**Task instructions**.
Write out an exact copy of the line containing "NOTE: If the" and all lines that follow it in the data below, leaving out pictures.

**Records for this exercise**.

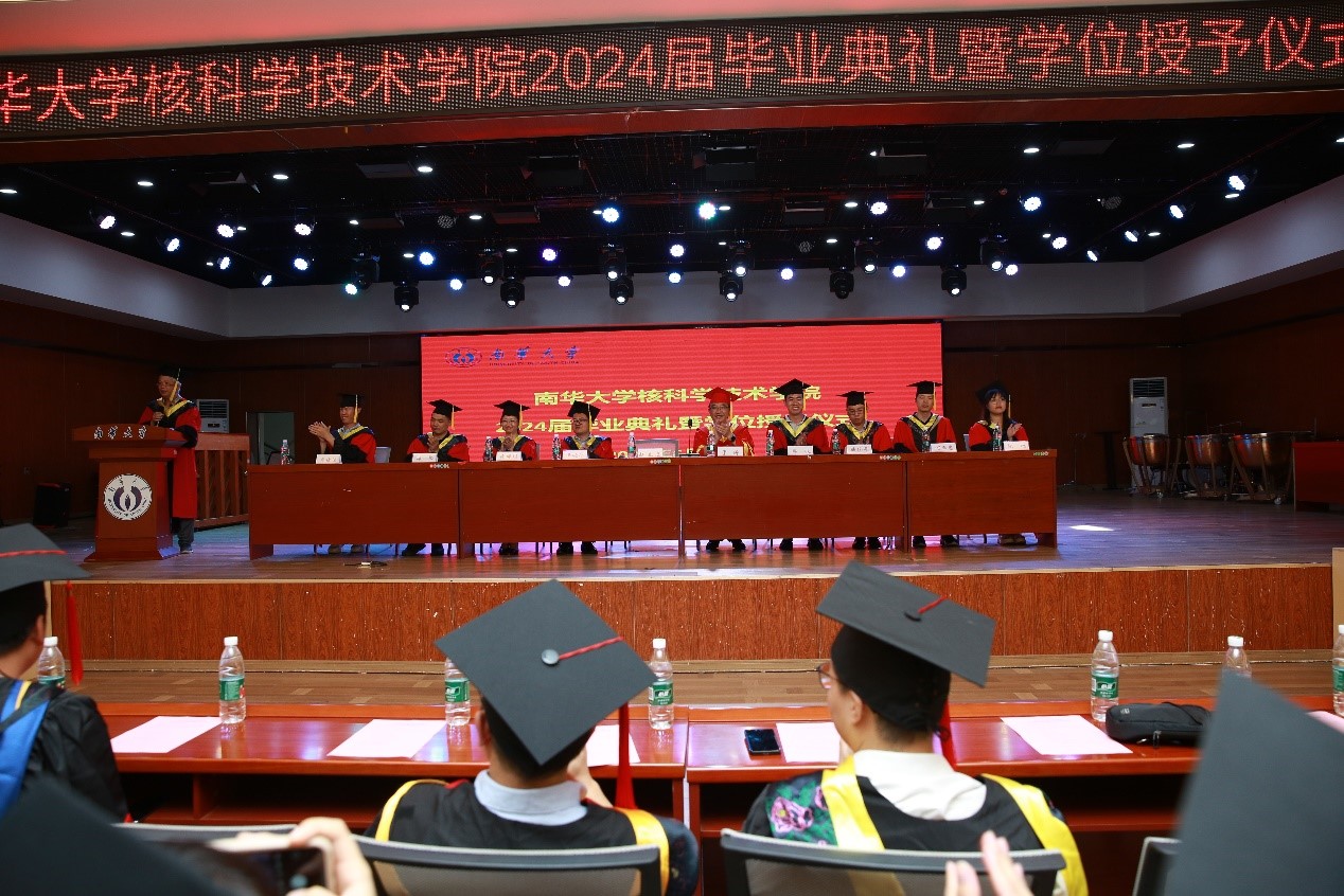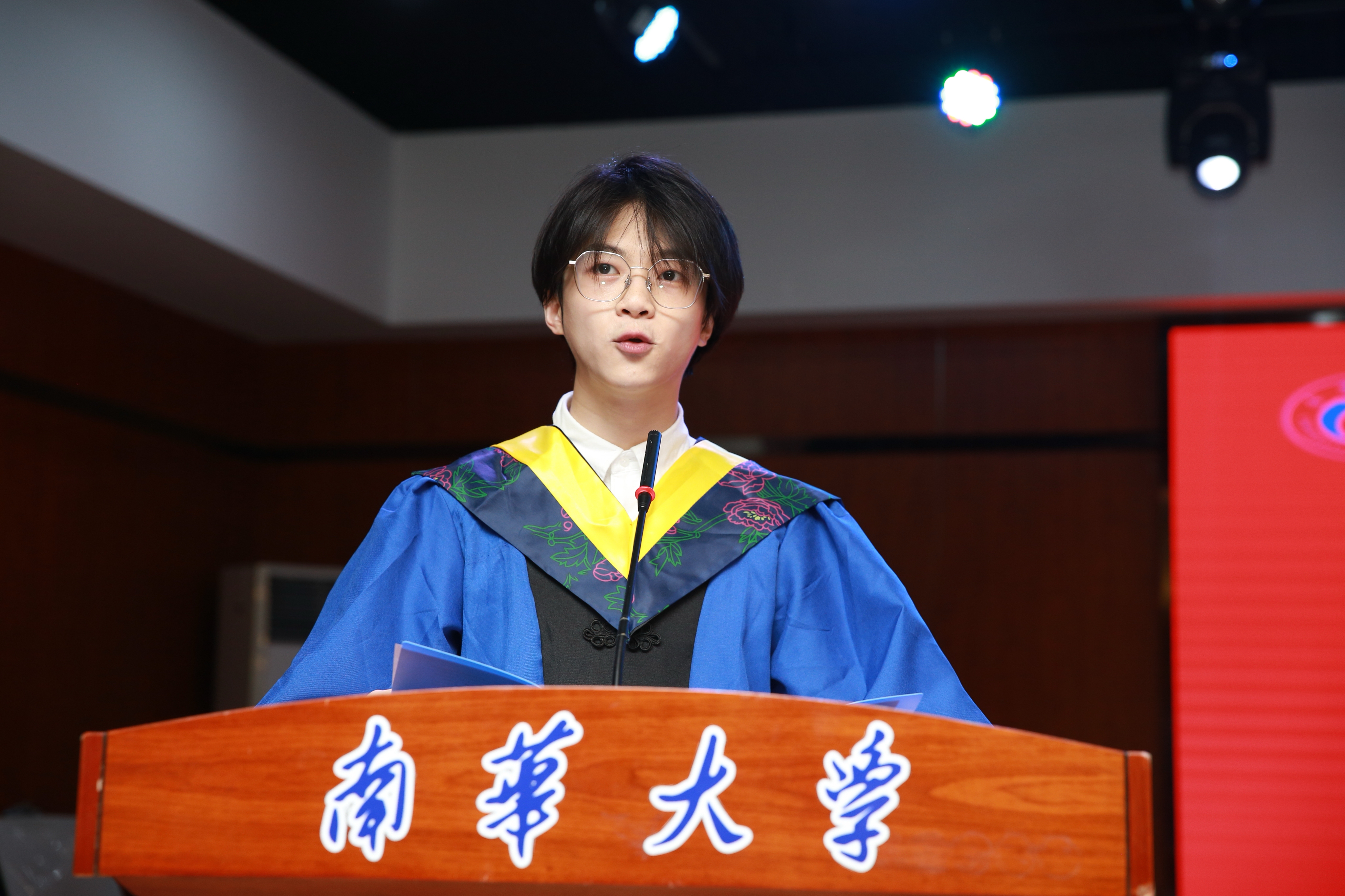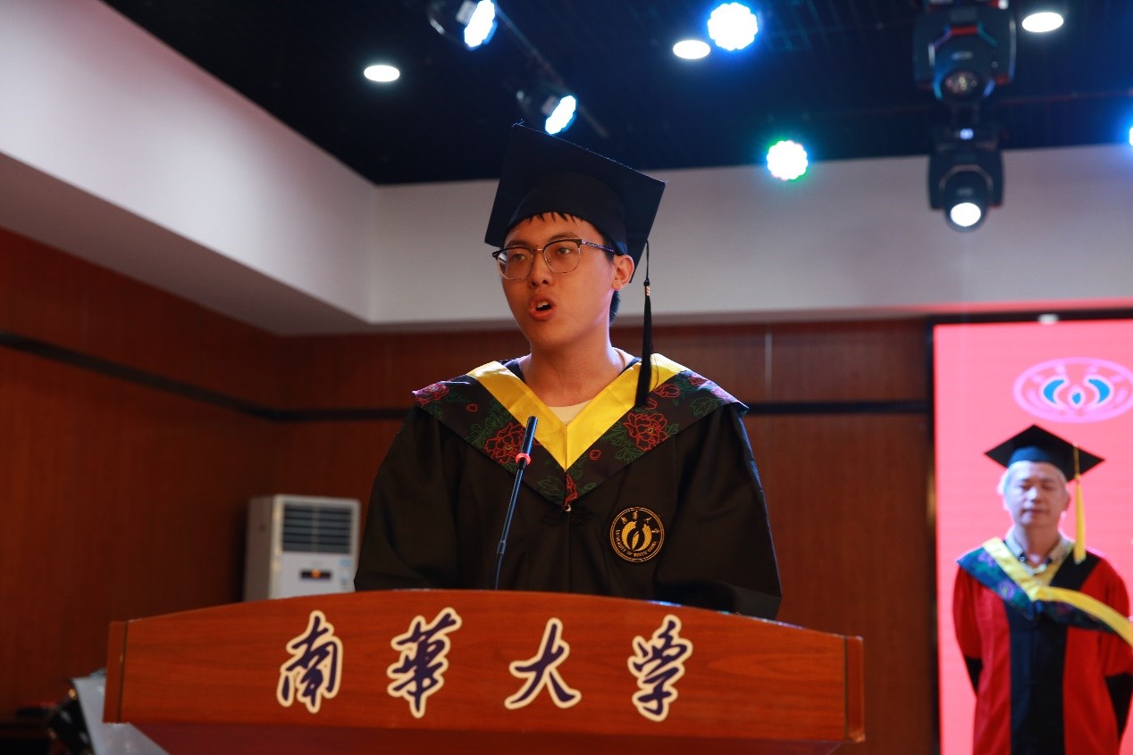 本科毕业生代表尹紫祺同学发言,他表达了对学校的感恩之情,感谢南华给予的广阔发展平台,让学生们在科研工作、学科竞赛和实践活动方面尽情展示自己、提升自己,他号召所有毕业生:今天的我们以作为南华毕业生为荣,明天的核院将以我们作为国之栋梁为荣!
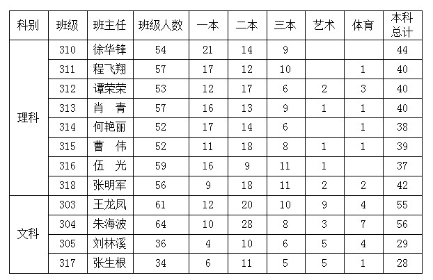 理科实验班308班(班主任:胡春林)本科达线率96.5%(班级人数57人,本科达线55人),其中一本达线率71.9%(一本达线41人),600分以上18人。
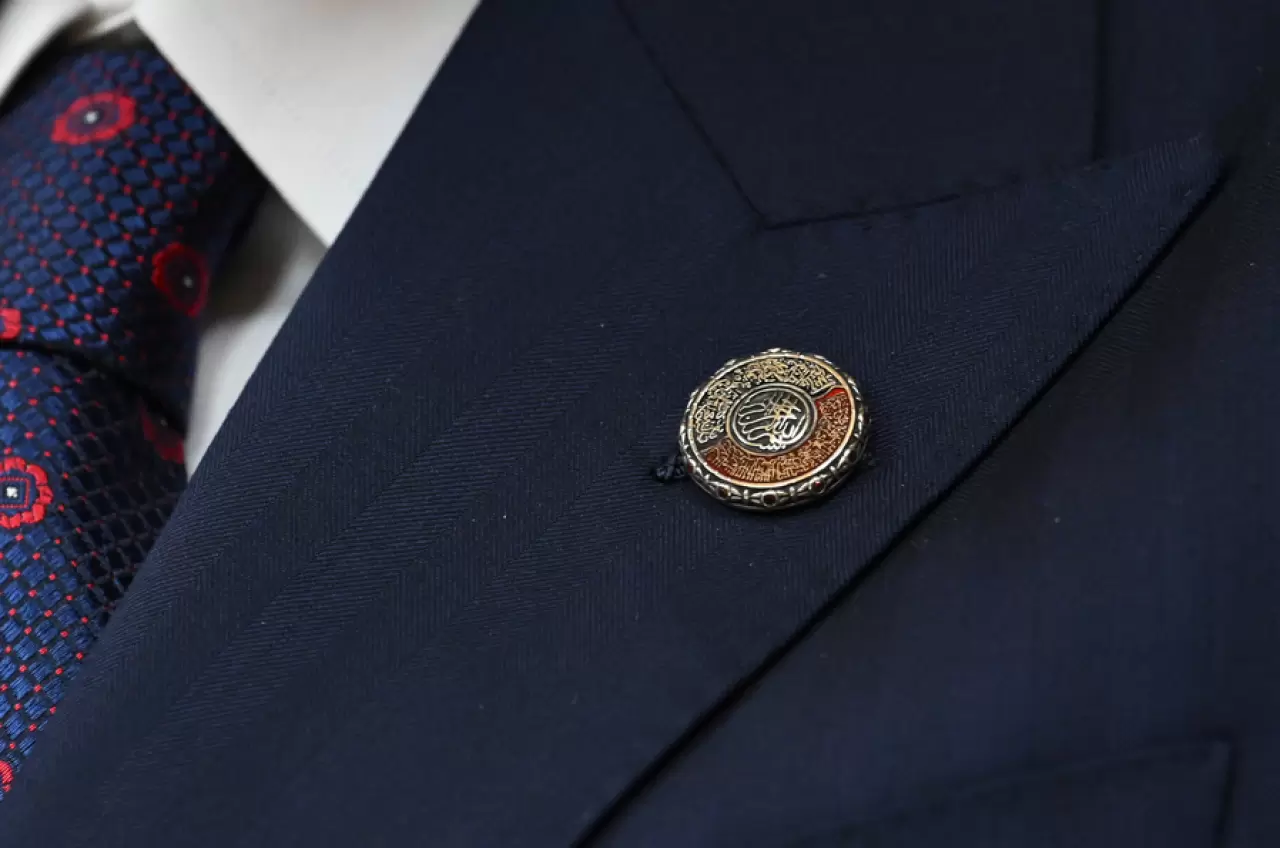 Yüzükle aynı konsept doğrultusunda hazırlanan rozet ise bu görsel şöleni tamamlayan son parça oldu. Yüzüğün ana unsurlarını koruyan rozet tasarımı, çevresini saran yakut zirkon taşlarla zenginleştirilerek bütüncül bir tasarım diliyle hazırlandı.
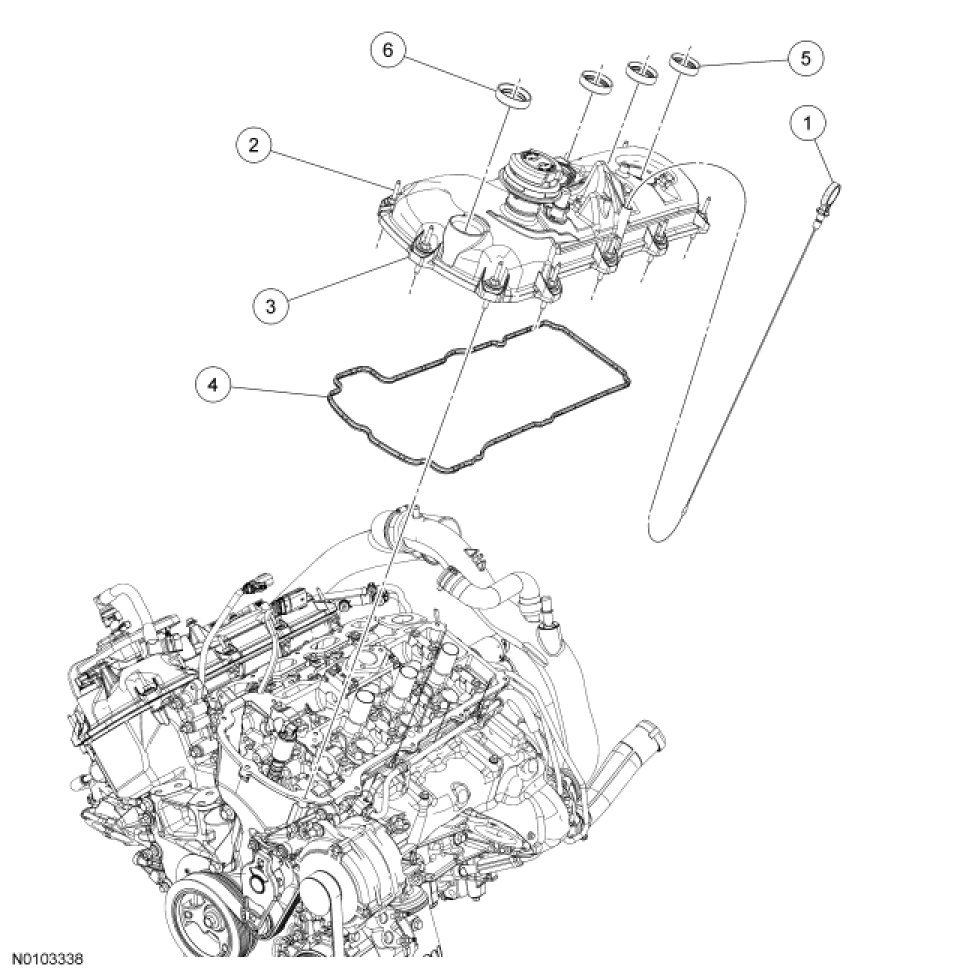 NOTE: If the valve cover is not installed and the fasteners tightened within 4 minutes, the sealant must be removed and the sealing area cleaned. To clean the sealing area, use silicone gasket remover and metal surface prep. Failure to follow these instructions can cause future oil leakage.
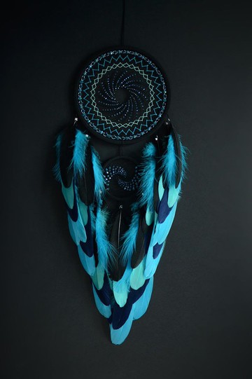 帶閃閃發光珠子的黑色海軍捕夢網,分形牆飾
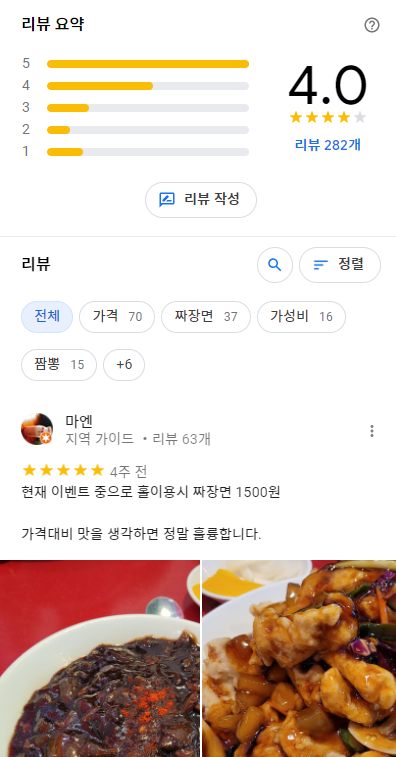 짜장면 가격이 워낙 저렴해서 다른 메뉴들은 가격대가 있어보이는데 다른 가게에 비하면 전체적인 메뉴들 가격이 저렴한 편입니다.
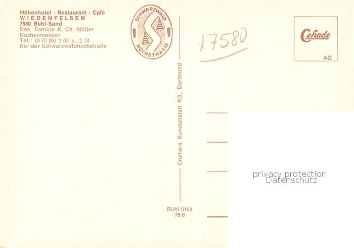 73090237 Sand Buehl Hoehenhotel Wiedenfelsen postalisch nicht gelaufen Erhaltung siehe scans [PaolaD17] KatCode: 11110008216007

**Response box**.
 NOTE: If the valve cover is not installed and the fasteners tightened within 4 minutes, the sealant must be removed and the sealing area cleaned. To clean the sealing area, use silicone gasket remover and metal surface prep. Failure to follow these instructions can cause future oil leakage.
 帶閃閃發光珠子的黑色海軍捕夢網,分形牆飾
 짜장면 가격이 워낙 저렴해서 다른 메뉴들은 가격대가 있어보이는데 다른 가게에 비하면 전체적인 메뉴들 가격이 저렴한 편입니다.
 73090237 Sand Buehl Hoehenhotel Wiedenfelsen postalisch nicht gelaufen Erhaltung siehe scans [PaolaD17] KatCode: 11110008216007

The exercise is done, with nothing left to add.